Africa-Press – Namibia. THE Namibia Power Corporation (NamPower) has made a profit of N$1,2 billion for the 2021 financial year. Not all of it is real money though.
Pushing up that profit is a N$1,3 billion unrealised gain relating to a power purchase agreement (PPA). That gain allowed a net fair value gain of N$1,1 billion to be run through the profit and loss, masking the not-so-solid performance.
The company is not even paying a dividend for the 2021 financial year, despite the massive profit. This is the explanation – the utility’s overall group revenue has dipped from N$6,8 billion to N$6,5 billion in 2021, and the cost of electricity has shot up with some N$200 million to reach N$4,4 billion.
This has already eaten into the profit. And not just that, but other key expenditures, such as employee costs, have also shot up, now reaching N$996 million. So has depreciation, which, when tallied with the recognised impairment, has the company bleeding almost N$1 billion.
Without the N$1,3 billion gain, NamPower would have made an operational loss – as it did in 2020 when a loss of N$278 million was recognised from operations. In 2020, despite the loss, the company was lifted to a profit by finance income which came in at N$787 million.

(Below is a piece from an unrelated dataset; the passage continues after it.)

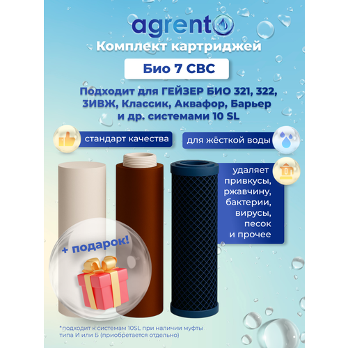 Комплект картриджей для фильтров Гейзер. Agrent Био 7 СВС (СПЕЦИАЛЬНАЯ УПАКОВКА, СВС) + подарок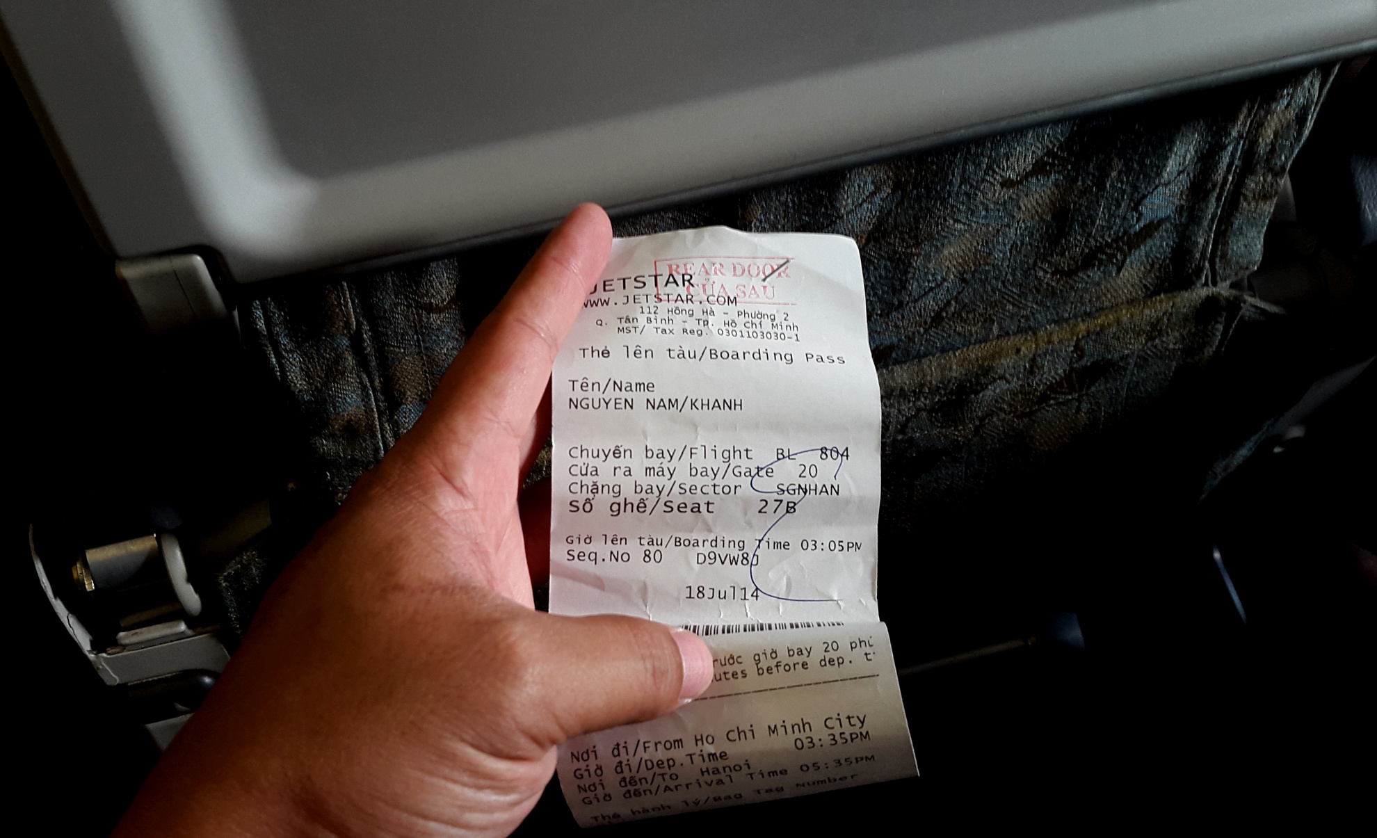 Khi làm thủ tục lấy Boarding Pass (thẻ lên tàu), dù phía trên vẫn còn chỗ và hành khách đề nghị gia đình có con nhỏ (8 tuổi), nhân viên quầy tại Tân Sơn Nhất vẫn xếp một gia đình đi chuyến bay này xuống hàng ghế gần cuối. Trong khi đó, nhân viên lại đề nghị nếu muốn ngồi ghế trên thì nên trả thêm phí (ngồi 6 hàng ghế đầu). Tuy nhiên, theo giải thích của một nhân viên Jetstar, việc sắp xếp chỗ ngồi dựa trên nguyên tắc cân tải để đảm bảo an toàn cho chuyến bay nên có thể dẫn tới sự việc nêu trên.

For the 2021 financial year, that finance income sits at N$600 million, leading to a profit before tax of N$1,6 billion, and a recognition of a N$437 million tax expense. For the 2020 financial year, profit before tax was only N$358 million, and the tax expense on this was N$34 million.
Despite this not so operational performance, the company continues to provide uninterrupted electricity without any load-shedding as experienced south of the Orange River.
According to a management statement accompanying the release of the financial statements, the coronavirus pandemic has adversely affected the operations of the company as the demand for electricity over the past three years has dropped.
Second to that, low rainfalls have reduced the national utility’s ability to generate sufficient hydropower. To make up for this, the company said it has optimised the balancing of the energy mix by sourcing from the Southern African Power Pool.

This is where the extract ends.